JAKARTA, KOMPAS.com — Bau amis menyengat hidung saat masuk ke dalam perkampungan nelayan di Kali Adem, Muara Angke, Jakarta Utara. Perahu nelayan terlihat berjejer, tak beraktivitas.
Kompas.com yang hendak melihat aktivitas reklamasi Pulau G menyewa salah satu perahu nelayan itu. Tarifnya Rp 300.000. Adalah Karul (31), salah seorang pemilik perahu nelayan, yang bersedia mengantar ke Pulau G.
Karul menyalakan mesin perahunya. Awalnya berjalan lancar. Namun, di tengah jalan, mesin perahu tersendat dan mati. Rupanya, baling-baling perahunya tersangkut sampah plastik.
"Trak...," mesin menyala.
Perahu kembali berjalan.
"Beginilah, Mas, banyak sampahnya. Jadi pada nyangkut," kata Karul di balik kemudi perahunya.
Perahu pun meluncur ke Teluk Jakarta.
Sepanjang perjalanan, sudah tiga kali mesin mati. Penyebabnya sama, baling-baling perahu tersangkut sampah. Di muara Kali Adem, memang banyak sampah plastik berserakan dan hanyut menuju muara.
Sampah plastik itu mulai dari ukuran kecil, seperti bekas bungkus makanan, hingga plastik berukuran besar berisi sampah.
Tepat di depan muara sungai, sampah lainnya juga terlihat.
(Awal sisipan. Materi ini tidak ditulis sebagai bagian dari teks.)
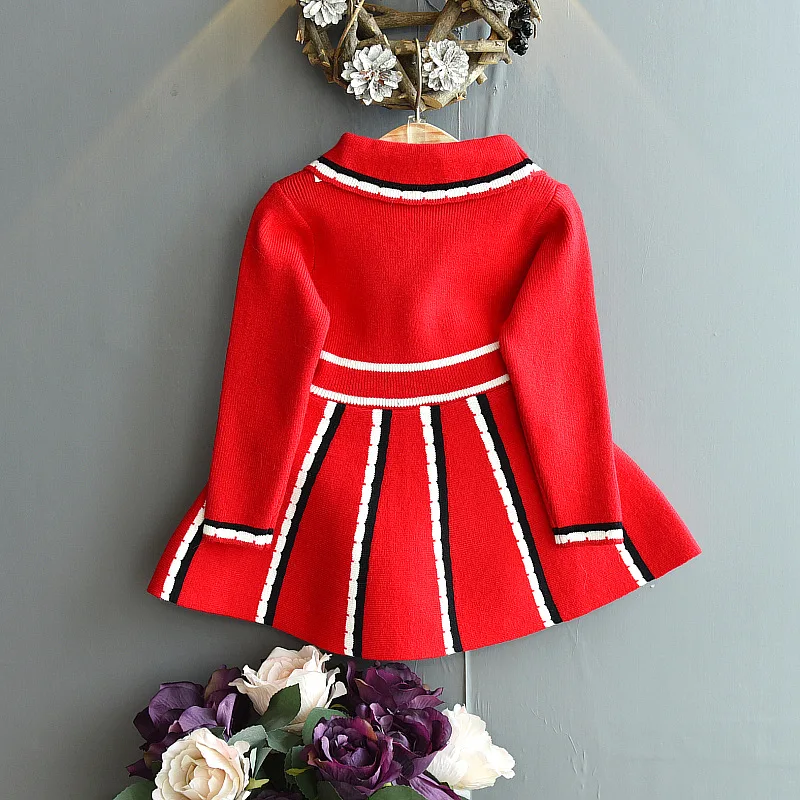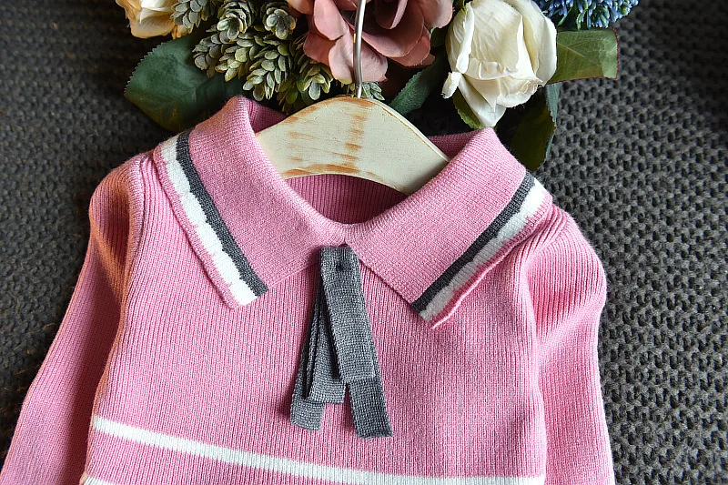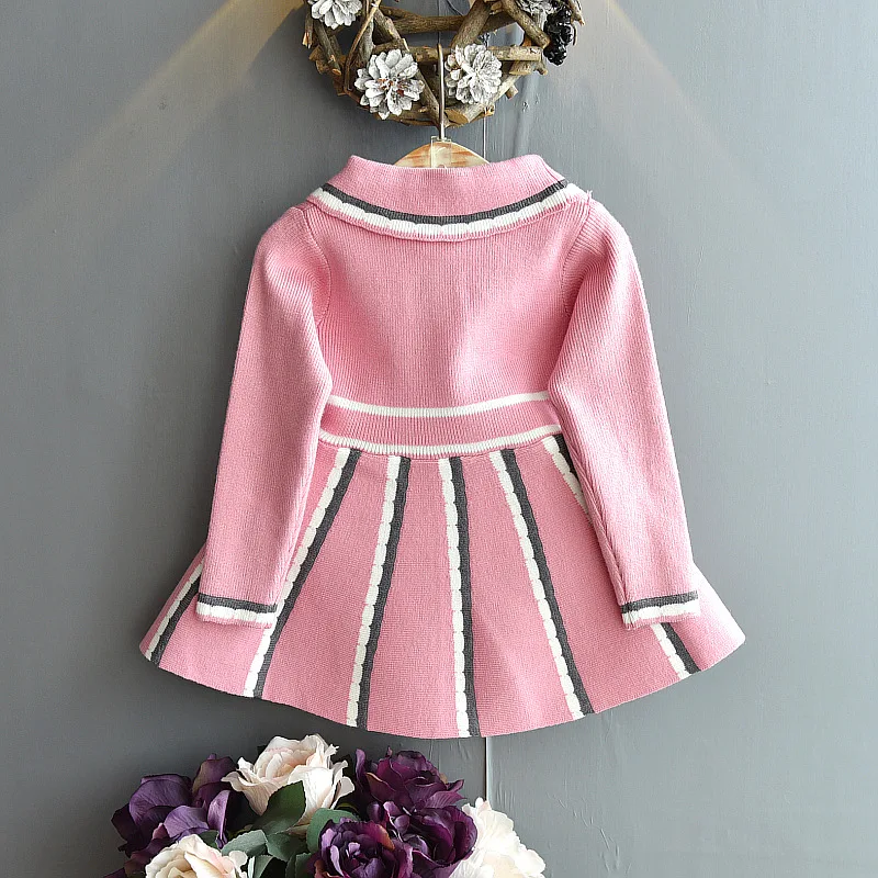 Осенне-зимняя одежда для маленьких девочек, платье-свитер в полоску, плиссированное платье в студенческом стиле, Детская осенняя одежда, платье принцессы для девочек

Kali ini sampah kayu dan ranting-ranting pohon itu tampak tersangkut.
Di atasnya biasanya ada burung bangau hinggap, kemudian kembali terbang. Keberadaan sampah itu juga menghambat sampah plastik lainnya. Namun, tak jarang sampah-sampah plastik itu hanyut hingga Teluk Jakarta.
Kalur bercerita bahwa sampah itu datang dari tengah Kota Jakarta. Sampah itu hanyut dan mengotori laut.
"Jadinya seperti nelayan dianggap buang sampah sembarangan, padahal itu dari kota," kata Karul.